Это — locus classicus марксистской философии, оправдывающее тотальную перемену в ходе устройства общества, то есть революцию. Согласно такому ходу мысли, неумолимо вытекающей из философских предпосылок, сформулированных Локком и Гельвецием, человек и общество обретают существование не естественным путем, но «рукотворным». Этот «радикальный бихевиоризм», как он именовался, вдохновил Маркса в 1845 году на один из самых известных его афоризмов: «Философы лишь различным образом объясняли мир; но дело заключается в том, чтобы изменить его»30. Разумеется, в тот момент, когда мыслитель начинает видеть свое назначение не «только» в созерцании мира и приспособлении к нему, но в его изменении, он перестает быть философом и превращается в политика, вынашивающего личные политические планы и интересы.

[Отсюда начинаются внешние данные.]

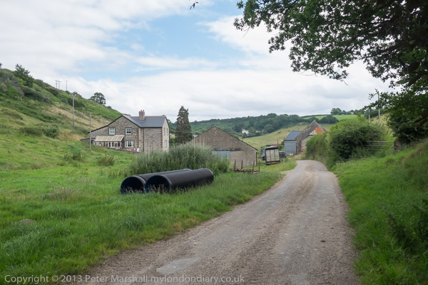 ![]() The line here was on an embankment ![]() With a bridge over a farm track ![]() The road went through between the farm buildings ![]() ![]() ![]() and soon we could see the viaduct. There is a footpath marked direct to it, but it seemed to be overgrown and part underwater ![]() So we continued along the road, taking a short cut across by a pond where the road goes on a loop ![]() Soon we got a better view of the Cannington Viaduct ![]() Quite an impressive structure |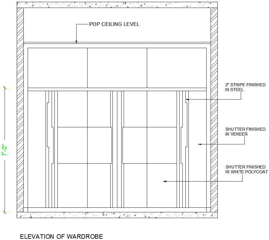 Here Elevation of wardrobe The height of the wardrobe should either match the lintel-level of the doors, which is usually 84 inches, or you can create a full- height wardrobe by using the space from the floor to the ceiling. The door-panel of a single-door or double-door wardrobe should not exceed 24 inches in width, otherwise there will be too much load on the hinges. also including pop ceiling , shutter finished in veneer , shutter finished in white coat 2'' finished in steel for more details of Elevation of wardrobe for more details of Elevation of wardrobe download this file.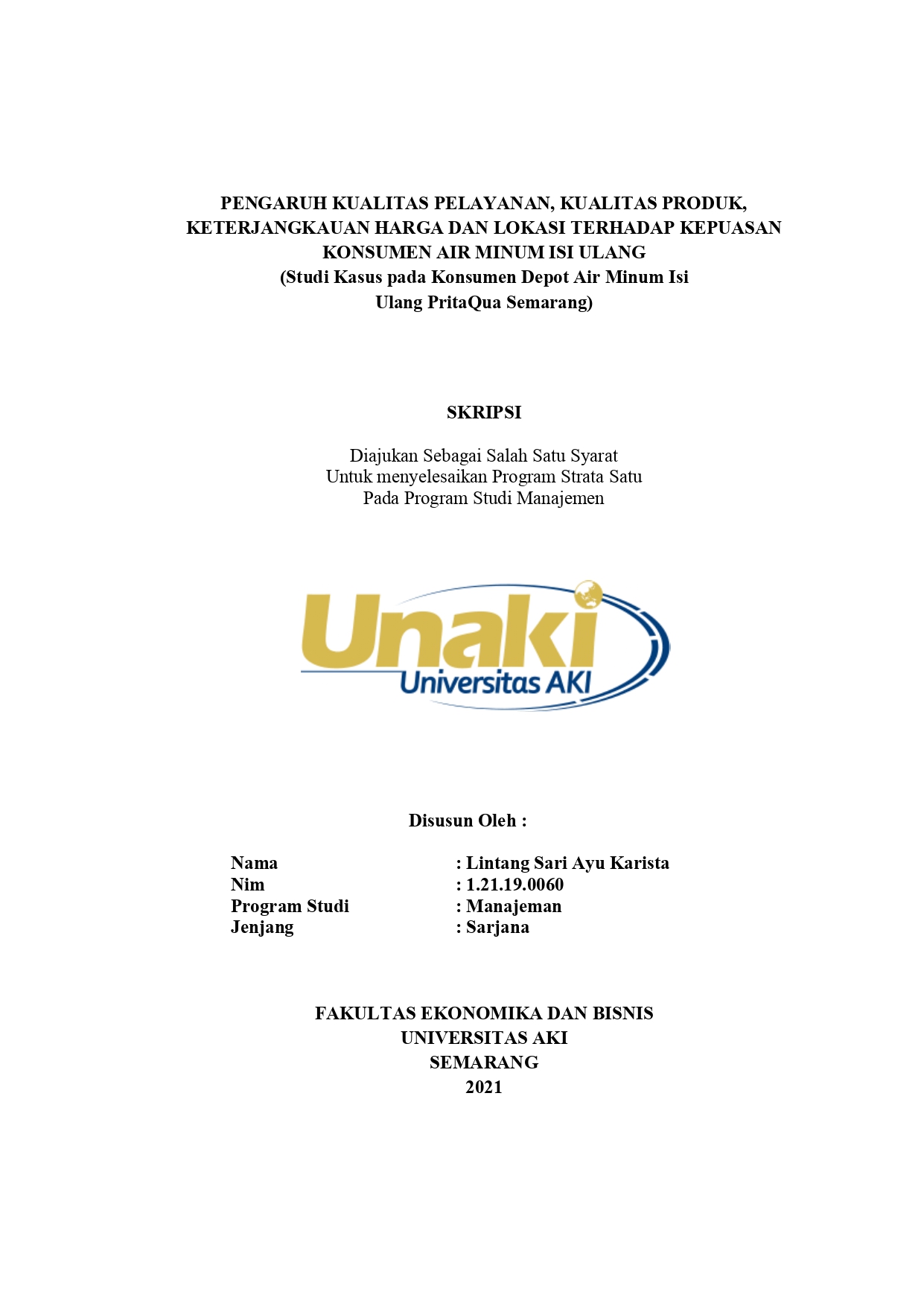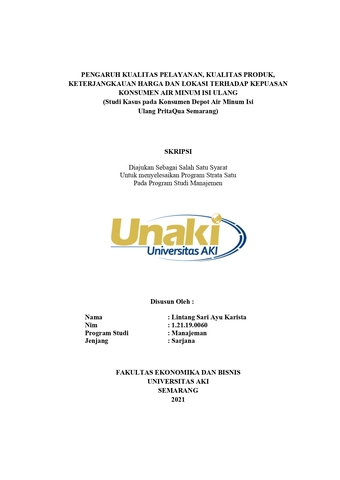Karista, Lintang Sari Ayu (2021) Pengaruh Kualitas Pelayanan, Kualitas Produk, Keterjangkauan Harga dan Lokasi Terhadap Kepuasan Konsumen Air Minum Isi Ulang Pada Depot Air Minum Isi Ulang Pritaqua Semarang. S1 thesis, Universitas AKI.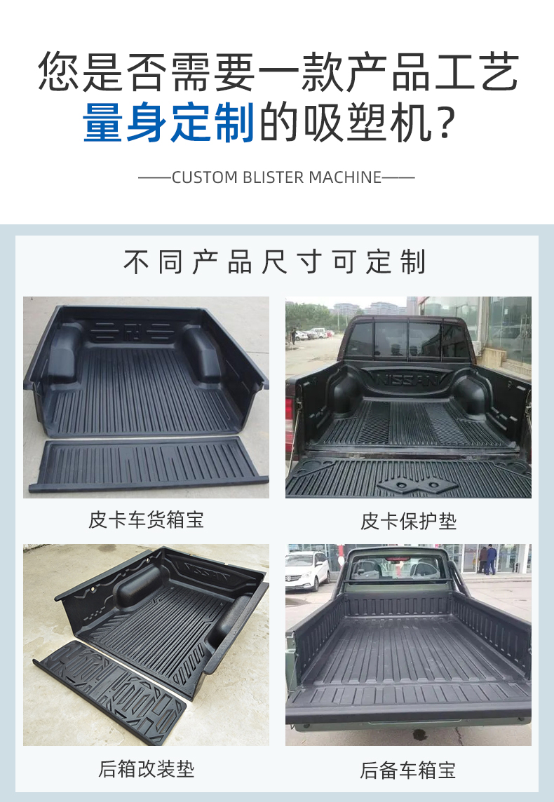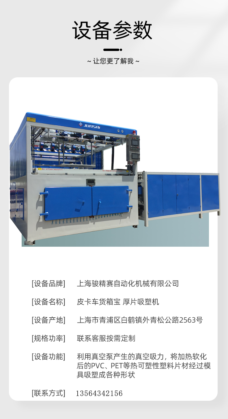 相關(guān)推薦 汽車(chē)通風(fēng)管全自動(dòng)雙層厚片吸塑機 江蘇駿精賽自動(dòng)上下料吸塑設備 皮卡車(chē)貨箱寶厚片吸塑機 潮汐苗床厚片吸塑機 種植養殖苗床厚片吸塑成型設備 廠(chǎng)家供應咨詢(xún)客服可免費試樣工藝

Мир, конечно, можно постепенно «изменить» — мерами образовательными и законодательными. И если бы исключительной заботой интеллигенции было улучшение условий жизни человека, то едва ли такое постепенное изменение встретило бы возражения, ибо эволюция методом проб и ошибок указывает единственный испытанный путь к прогрессу. Но многие из тех, кто хочет изменить мир, извлекают из человеческих нужд не то, что требует исправления, а то, что можно использовать в своих интересах. Использование в своих интересах людских нужд (а не удовлетворение их) было в центре политики социалистов уже с 40-х годов XIX века, и это же отличало мнимых «научных» социалистов от их предшественников «утопистов». Такое отношение породило то, что Анатоль Леруа-Болье в 1902 году в своем на редкость проницательном труде назвал «политикой ненависти». «Социализм, — отмечал он, — возводит ненависть в принцип», сходясь со своими смертельными врагами — национализмом и антисемитизмом — в убеждении о необходимости «хирургически» вырезать и уничтожить воображаемого врага31. Убежденные радикалы опасались реформ потому, что те лишали их мощного оружия и укрепляли власть правящей элиты: радикалы предпочитали самые дикие репрессии. Лозунг русских революционеров «чем хуже, тем лучше» обнажал подобный образ мыслей.

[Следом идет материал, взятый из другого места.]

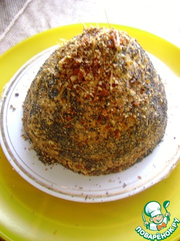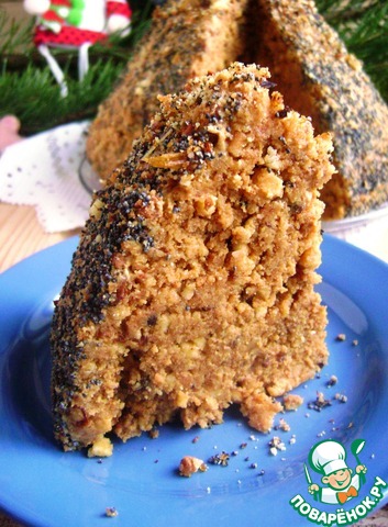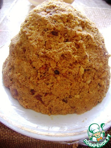 Из полученной массы формирую горку-муравейник, слегка утрамбовывая конус. Удобно это делать на большом блюде, покрытом пищевой пленкой. Ничего не просыпется за края и будет легко перенести торт на красивое блюдо.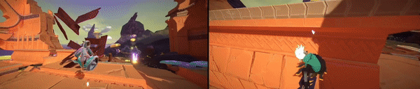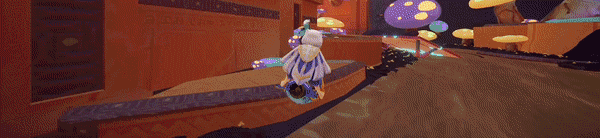 Items in Ultimate Godspeed are level objects like ramps, platforms, holes and other are traps like an ice patch where you lose control, deadly rotating saw blades or oily surfaces which can obscure the players sight. These items allow for different play styles like building the fastest shortcut possible or a chaotic death trap.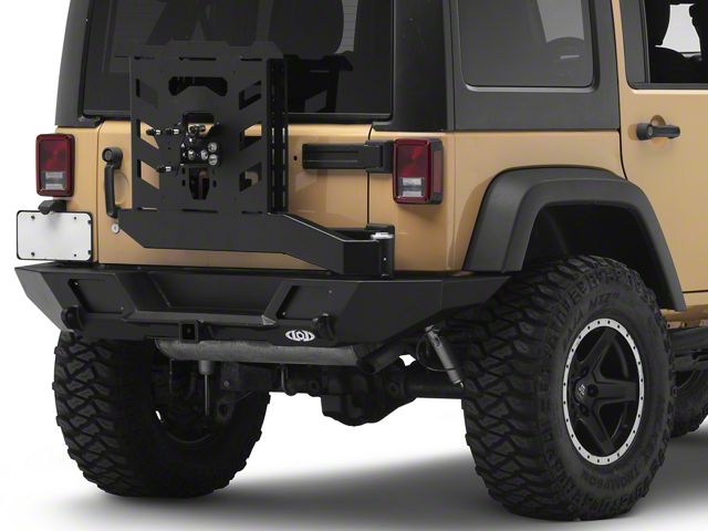 Application. This LoD Offroad Destroyer Full-Width Rear Bumper with Tire Carrier in Black fits all 2007-2018 Jeep Wrangler JK models.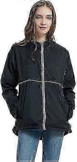 Women's Lightweight Waterproof Hooded Raincoat, Black, XL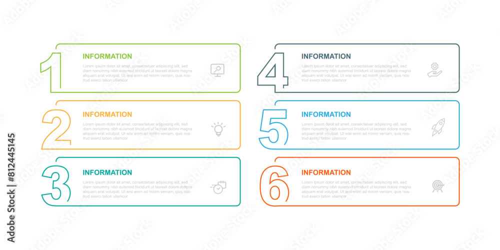 Wall mural design template infographic vector element with 6 step line square and number suitable for web prese - Wall murals Wall mural design template infographic vector element with 6 step line square and number suitable for web prese - Wall murals

Существует, разумеется, множество разновидностей социалистов — от самых демократичных и гуманных до самых деспотичных и жестоких, — но все их расхождения заключены в средствах, а не в целях. И их несостоятельность хорошо прослеживается в отношении русских и иностранных социалистов к жестоким экспериментам большевиков: отвращение к большевистской жестокости не отменяет восхищения перед непреклонной преданностью общему делу и сочувствия им, едва над большевиками нависает серьезная опасность. Как мы покажем ниже, большевики не смогли бы ни взять власть, ни удержать ее, если бы не получали поддержки, и активной и пассивной, со стороны демократически настроенных и умеренных социалистов.
Утверждение, что архитекторам октябрьского переворота 1917 года требовалось нечто большее, чем простое устранение противоречий капитализма, прекрасно подтверждается заявлениями Л.Д.Троцкого. В начале 20-х годов, заглядывая в будущее, он предсказывал:
«Коммунистический быт будет слагаться не слепо, как коралловые рифы, а строиться сознательно, проверяться мыслью, направляться и исправляться. Перестав быть стихийным, быт перестанет быть и застойным».

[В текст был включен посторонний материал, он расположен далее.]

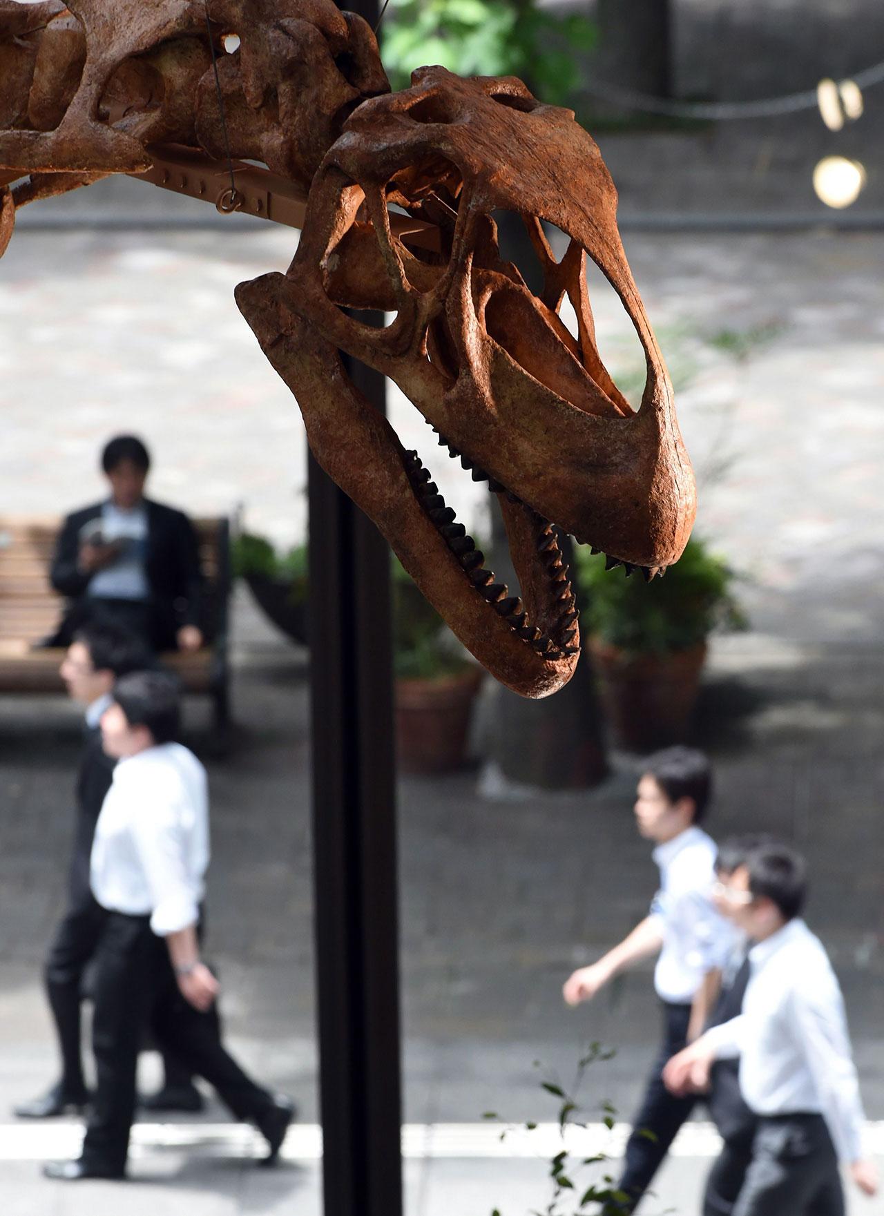 พนักงานช่วยกันยกหุ่นจำลองตัวอย่างของกะโหลกศีรษะไดโนเสาร์ยาว 9 เมตร ขึ้นไปไว้บนยอดเสา หน้าทางเข้าช็อปปิ้งมอลล์แห่งหนึ่งทางย่านกลางกรุงโตเกียว ซึ่งกำลังจะเปิดงาน “งานแสดงเมกะไดโนเสาร์ 2015” อยู่พอดี.

Отрицая всю предыдущую историю человечества до октября 1917 года, как эпоху «застоя», Троцкий описывает быт человека, который будет создан новым режимом:
«Человек примется, наконец, всерьез гармонизировать себя самого… Он захочет овладеть полубессознательными, а затем и бессознательными процессами в собственном организме: дыханием, кровообращением, пищеварением, оплодотворением — и, в необходимых пределах, подчинит их контролю разума и воли. Жизнь, даже чисто физиологическая, станет коллективно-экспериментальной. Человеческий род, застывший homo sapiens, снова поступит в радикальную переработку и станет — под собственными пальцами — объектом сложнейших методов искусственного отбора и психофизической тренировки… Человек поставит себе цель овладеть собственными чувствами, поднять инстинкты на вершину сознательности, сделать их прозрачными, создать более высокий общественно-биологический тип, если угодно — сверх-человека… Человек станет несравненно сильнее, умнее, тоньше; его тело — гармоничнее, движения ритмичнее, голос музыкальнее. Формы быта приобретут динамическую театральность. Средний человеческий тип поднимется до уровня Аристотеля, Гёте, Маркса. Над этим кряжем будут подниматься новые вершины»32.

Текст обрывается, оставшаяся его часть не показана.